Group calls for Facebook to divulge the concentrated power that chairman and CEO holds.

A group of major institutional investors, assembled in a spate of shareholder activism, is calling for Facebook to appoint an independent board chair, a position currently held by Mark Zuckerberg, who also serves as CEO.

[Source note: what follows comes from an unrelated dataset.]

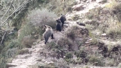黑豹野生動物保護站站長李理介紹:“我們傍晚5點左右架設好設備, 6點30分左右就拍到藏棕熊了,當時非常興奮”。他說:“當時天馬上就黑了,山里忽然下起了冰渣子,藏棕熊就在樹林間若隱若現(xiàn),后來它跑到一個光禿禿的山下,它狀態(tài)很好,非常健壯?!焙芸?,大家又發(fā)現(xiàn)了第二只。隊員們的衣服都被冰渣子打濕了,高山上非常冷,但還是給相機做好防水,拍下了這寶貴的畫面。第二天傍晚,還是在同一地點,前一天晚上觀測到的一只藏棕熊再次出現(xiàn),不過這次,它帶了兩只小熊。大公熊強壯而霸道,帶幼崽的母熊小心謹慎,小熊憨態(tài)可掬,都非??蓯?。

“There is no check-and-balance at Facebook without an independent board chair—and Mark Zuckerberg’s totalitarian grip as both CEO and Board Chair must end,” said New York City Comptroller Scott M. Stringer, one of the co-filers. “Facebook’s unrelenting turmoil shows why independence and accountability matter—and why power should not be consolidated around one person. Outside shareholders have sounded the alarm on the need for real oversight and governance reforms, and it’s time for Facebook to listen.”

The group is comprised in part by the New York State Comptroller’s Office, Illinois State Treasury, Rhode Island Treasury, Connecticut Treasury, Vanguard, BlackRock, MFS, AllianceBernstein, American Funds, BNY Mellon, Goldman Sachs, John Hancock, JPMorgan, Putnam, and State Street.

The group sought an independent board chairman in its 2019 shareholder proposal. It released evidence revealing mutual funds joined the supermajority (68%) of Facebook’s outside shareholders who voted against management’s opposition of an independent board chair.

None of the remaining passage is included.